## Material for the task:
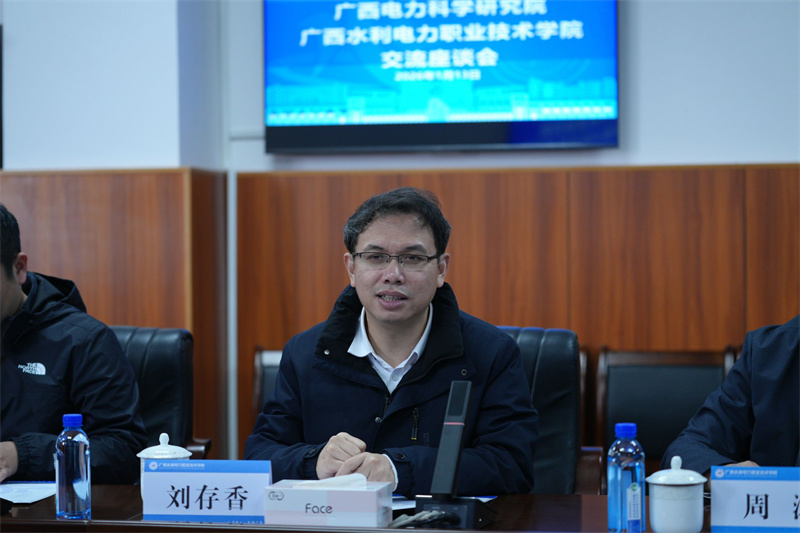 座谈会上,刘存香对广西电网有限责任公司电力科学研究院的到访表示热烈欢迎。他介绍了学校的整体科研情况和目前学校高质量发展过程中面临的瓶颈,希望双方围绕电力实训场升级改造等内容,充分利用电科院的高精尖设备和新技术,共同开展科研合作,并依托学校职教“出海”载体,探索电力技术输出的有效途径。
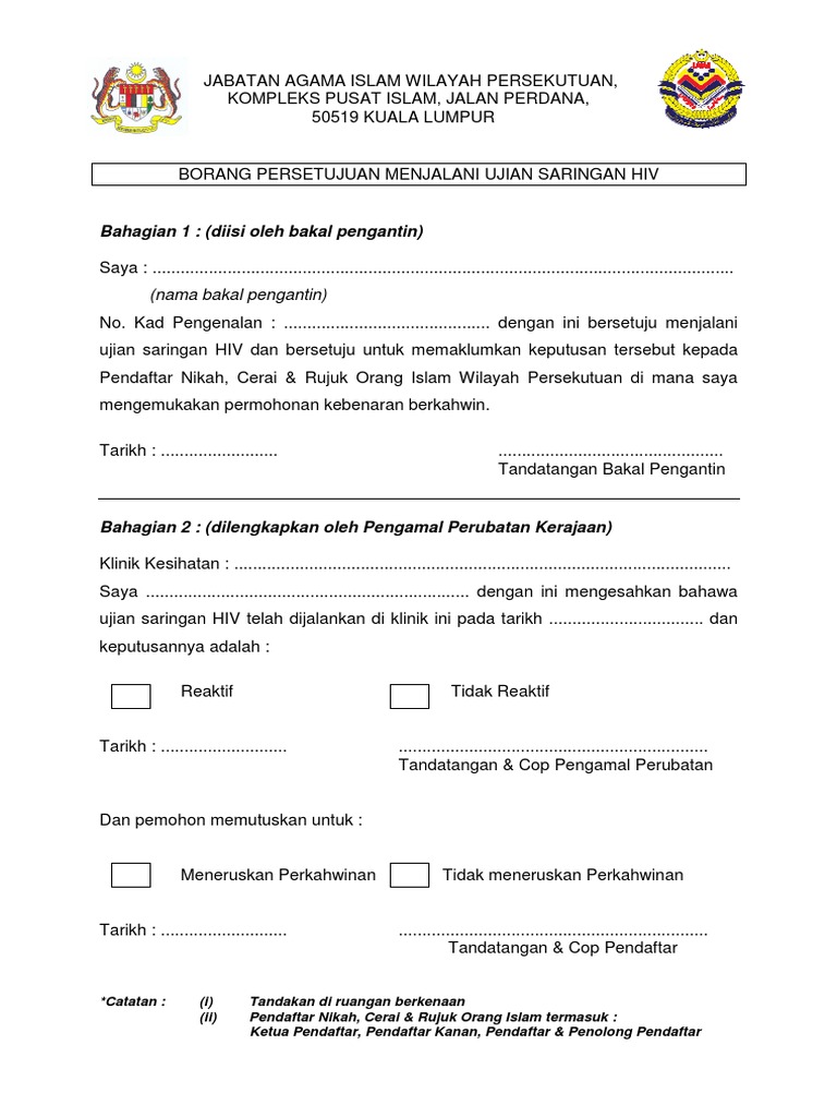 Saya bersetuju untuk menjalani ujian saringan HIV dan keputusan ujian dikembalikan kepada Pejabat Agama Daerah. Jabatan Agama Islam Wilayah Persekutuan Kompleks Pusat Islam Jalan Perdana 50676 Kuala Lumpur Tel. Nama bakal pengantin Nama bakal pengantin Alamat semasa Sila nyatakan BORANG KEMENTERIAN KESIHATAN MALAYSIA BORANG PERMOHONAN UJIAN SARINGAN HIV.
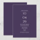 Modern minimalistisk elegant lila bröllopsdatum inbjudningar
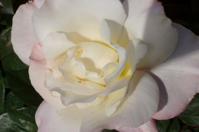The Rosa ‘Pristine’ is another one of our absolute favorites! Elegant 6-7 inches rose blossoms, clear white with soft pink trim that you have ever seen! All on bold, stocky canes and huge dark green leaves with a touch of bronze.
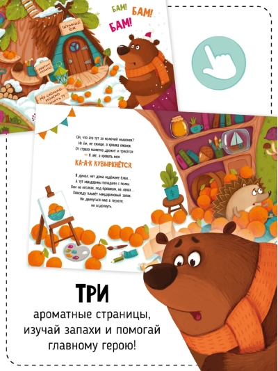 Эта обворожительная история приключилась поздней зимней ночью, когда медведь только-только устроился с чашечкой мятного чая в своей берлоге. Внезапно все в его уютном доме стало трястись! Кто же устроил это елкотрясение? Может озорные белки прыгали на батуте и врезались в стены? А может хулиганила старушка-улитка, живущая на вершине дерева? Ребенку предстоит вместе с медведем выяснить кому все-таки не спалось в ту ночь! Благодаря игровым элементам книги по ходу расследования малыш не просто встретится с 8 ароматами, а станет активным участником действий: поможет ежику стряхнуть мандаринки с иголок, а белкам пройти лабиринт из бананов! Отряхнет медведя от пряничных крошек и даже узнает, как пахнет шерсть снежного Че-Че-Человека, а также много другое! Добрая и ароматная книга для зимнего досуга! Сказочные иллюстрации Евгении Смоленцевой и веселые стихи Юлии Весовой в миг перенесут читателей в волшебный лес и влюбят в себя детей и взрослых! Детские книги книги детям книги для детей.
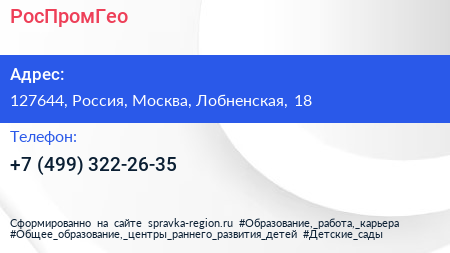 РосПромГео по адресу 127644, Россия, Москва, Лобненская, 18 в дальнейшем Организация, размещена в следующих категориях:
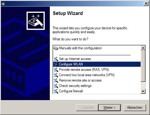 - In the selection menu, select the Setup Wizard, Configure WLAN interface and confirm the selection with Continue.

## Task objective:
All that should appear in the response is the run of lines from the one with "Saya bersetuju untuk" through the final line of the records, restated exactly, with pictures omitted.

## Exercise output:
 Saya bersetuju untuk menjalani ujian saringan HIV dan keputusan ujian dikembalikan kepada Pejabat Agama Daerah. Jabatan Agama Islam Wilayah Persekutuan Kompleks Pusat Islam Jalan Perdana 50676 Kuala Lumpur Tel. Nama bakal pengantin Nama bakal pengantin Alamat semasa Sila nyatakan BORANG KEMENTERIAN KESIHATAN MALAYSIA BORANG PERMOHONAN UJIAN SARINGAN HIV.
 Modern minimalistisk elegant lila bröllopsdatum inbjudningar
The Rosa ‘Pristine’ is another one of our absolute favorites! Elegant 6-7 inches rose blossoms, clear white with soft pink trim that you have ever seen! All on bold, stocky canes and huge dark green leaves with a touch of bronze.
 Эта обворожительная история приключилась поздней зимней ночью, когда медведь только-только устроился с чашечкой мятного чая в своей берлоге. Внезапно все в его уютном доме стало трястись! Кто же устроил это елкотрясение? Может озорные белки прыгали на батуте и врезались в стены? А может хулиганила старушка-улитка, живущая на вершине дерева? Ребенку предстоит вместе с медведем выяснить кому все-таки не спалось в ту ночь! Благодаря игровым элементам книги по ходу расследования малыш не просто встретится с 8 ароматами, а станет активным участником действий: поможет ежику стряхнуть мандаринки с иголок, а белкам пройти лабиринт из бананов! Отряхнет медведя от пряничных крошек и даже узнает, как пахнет шерсть снежного Че-Че-Человека, а также много другое! Добрая и ароматная книга для зимнего досуга! Сказочные иллюстрации Евгении Смоленцевой и веселые стихи Юлии Весовой в миг перенесут читателей в волшебный лес и влюбят в себя детей и взрослых! Детские книги книги детям книги для детей.
 РосПромГео по адресу 127644, Россия, Москва, Лобненская, 18 в дальнейшем Организация, размещена в следующих категориях:
 - In the selection menu, select the Setup Wizard, Configure WLAN interface and confirm the selection with Continue.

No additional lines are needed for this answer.